Nevertheless, one problem remains – that of nationalism. Here, we speak not of patriotism. To be patriotic is a Christian virtue. It means to love that part of God’s creation where we were born and grew up, and in such a way that we can then learn to love and appreciate other parts of God’s creation, other peoples and their languages and traditions. For he who does not love his own cannot love others. No, here we speak of nationalism, which is simply another word for worldliness, the exclusive attachment to a particular human-created nation and state, and in such a way that there is hatred for other races and places. In the Diaspora such nationalism has taken two forms.
Firstly, such nationalism may refer to the ‘ethnic’, separatist attitudes of immigrants, who have chosen to live in nationalist ghettos. They have expressed a certain contempt for the country that has accepted them and perhaps even welcomed them. This contempt takes the form of a wilful and ungrateful ignorance of the host country’s language, culture and history and a knowledge only of the host country’s faults and bad sides. As a result they may have hypercritical and ungracious attitudes towards it. The Orthodoxy of such immigrants is generally coloured by strongly political and nationalist attitudes. These are born of historic grievances originating in the history of their ancestral country.
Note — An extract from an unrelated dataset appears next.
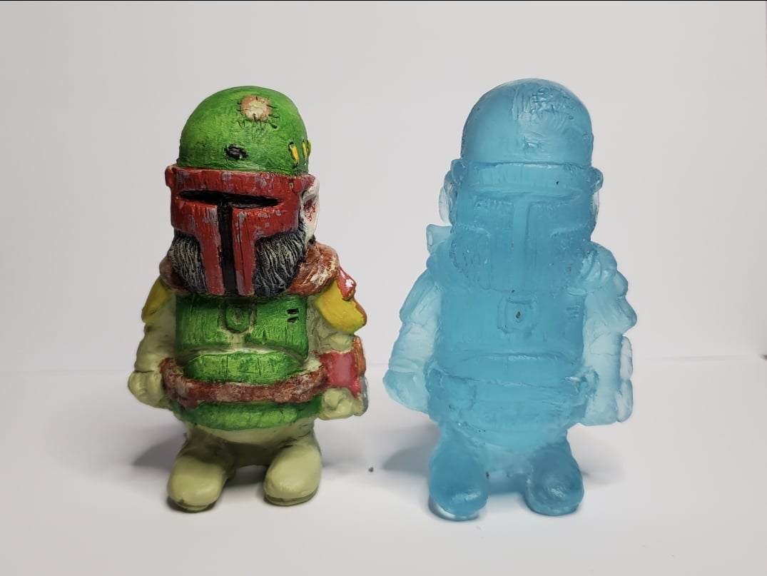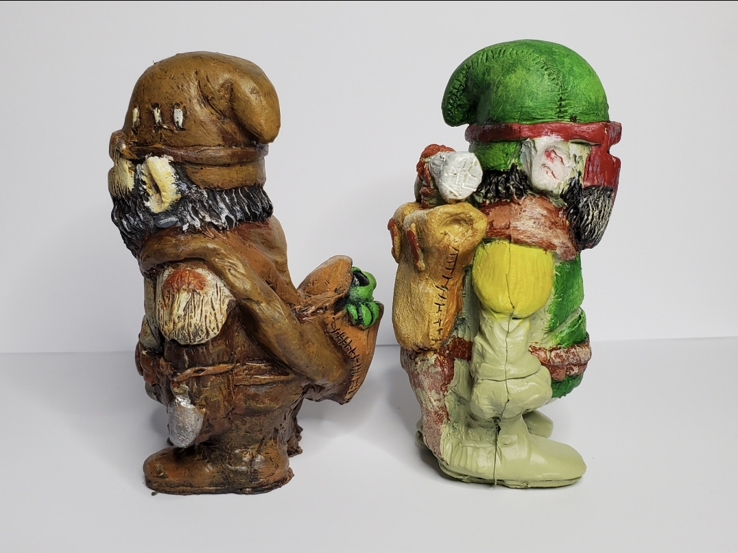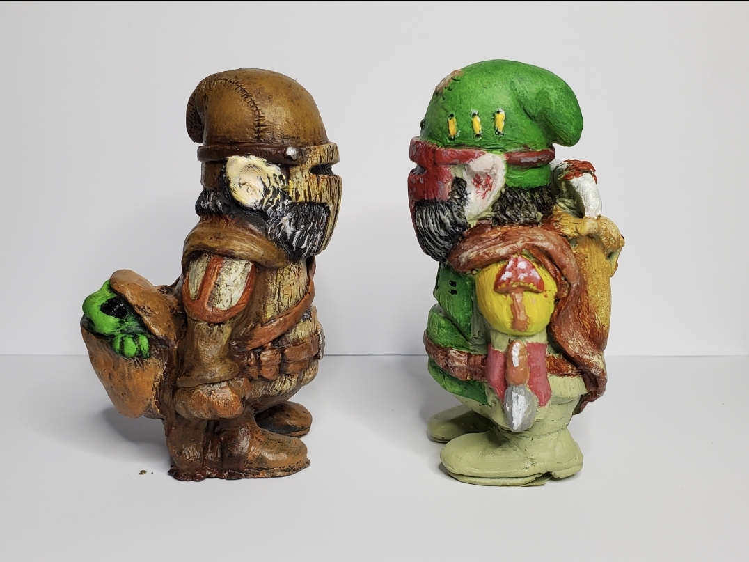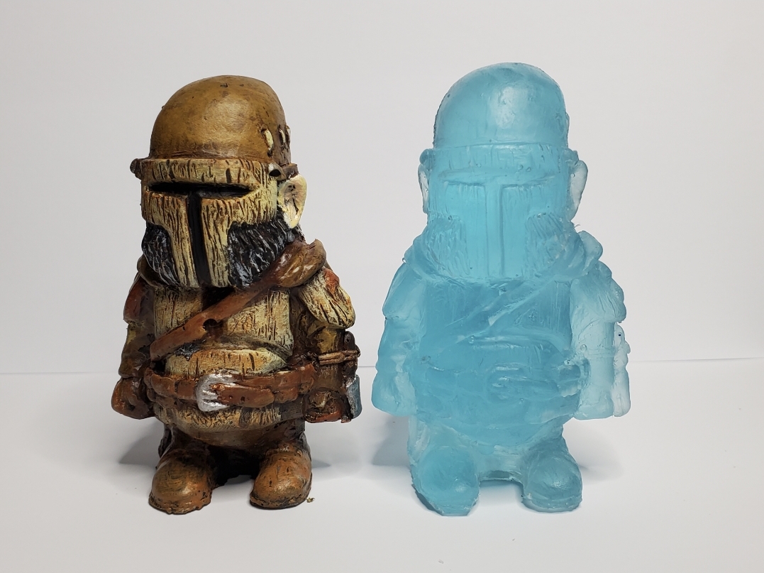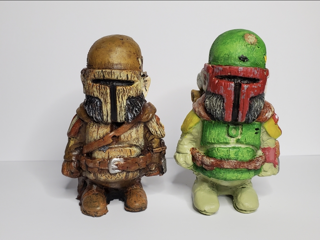 The Gnomes of MandaGnome are a series of figures the first two are The MandaGnomeian with his lil frog buddy and Gnoma Fett each one comes in a fully painted version or a hologram version
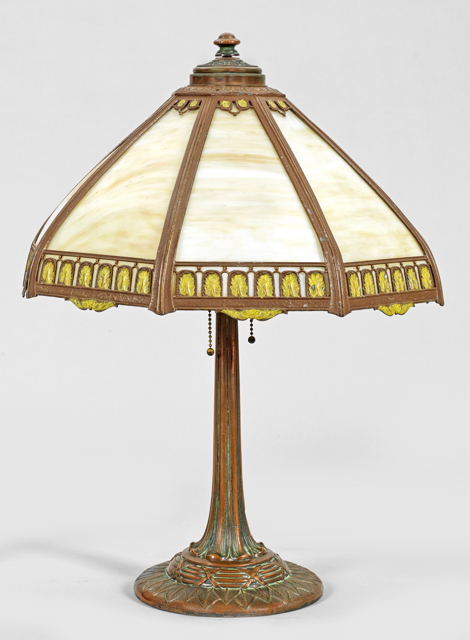 3-flg.; Kupfer und Weißmetall, farbig lackiert sowie weiß-gelb marmoriertes Glas. Über gestuft ansteigendem, blattreliefiertem Rundsockel sich konisch verjüngender Schaft als Träger für Leuchtmittel. Oberhalb kuppelförmiger, durchbrochen gearbeiteter Lampenschirm aus schmalen Stegen. Elektrifiziert. H. 58 cm.

For this reason, often the second and third generations, ignorant of the ancestral country and even its language, give up on a form of Orthodoxy, which seems to be more about ethnic chips on shoulders than Christian love.
Secondly, such nationalism may refer to the ethnic, ‘autocephalist’ attitudes of native-born inhabitants of the country in question, who have accepted a particular form of the Orthodox Faith brought to them by immigrants. They too may chose to live in nationalist, ‘ethnic’ (e.g. ‘Anglo-Saxon’) ghettos, with a certain contempt for the country of the immigrants who have accepted them and perhaps even welcomed them. This contempt takes the form of a wilful and ungrateful ignorance of the immigrants’ country’s language, culture and history and a knowledge only of the country’s faults and bad sides. As a result they may have hypercritical and ungracious attitudes towards it. The Orthodoxy of such native converts is generally coloured by strongly political and nationalist attitudes. These are born of historic grievances originating in the history of their native country. For this reason, often the second and third generations of converts give up on a form of Orthodoxy, which seems to be more about ethnic chips on shoulders than Christian love.
Today, Orthodox homelands are largely freed from the curse of militant atheism, despite the onslaught of the ‘barbarianism with technology’ of the USA and the EU playing its Pontius Pilate. In such a world the separatist attitudes of ghettos, whether immigrant nationalist or native autocephalist, are dying out. The Centre has returned and there is no place for the equally ethnic extremist separatism of either group. When the Centre was absent, authority was usurped by pretenders. Today, the Mother-Churches which were long absent and captive are now present again. The time of the pretenders is over. We look forward to a time, when each nationality in the Diaspora will work together in united but flexible structures, which will allow all to express themselves freely, but in harmony together.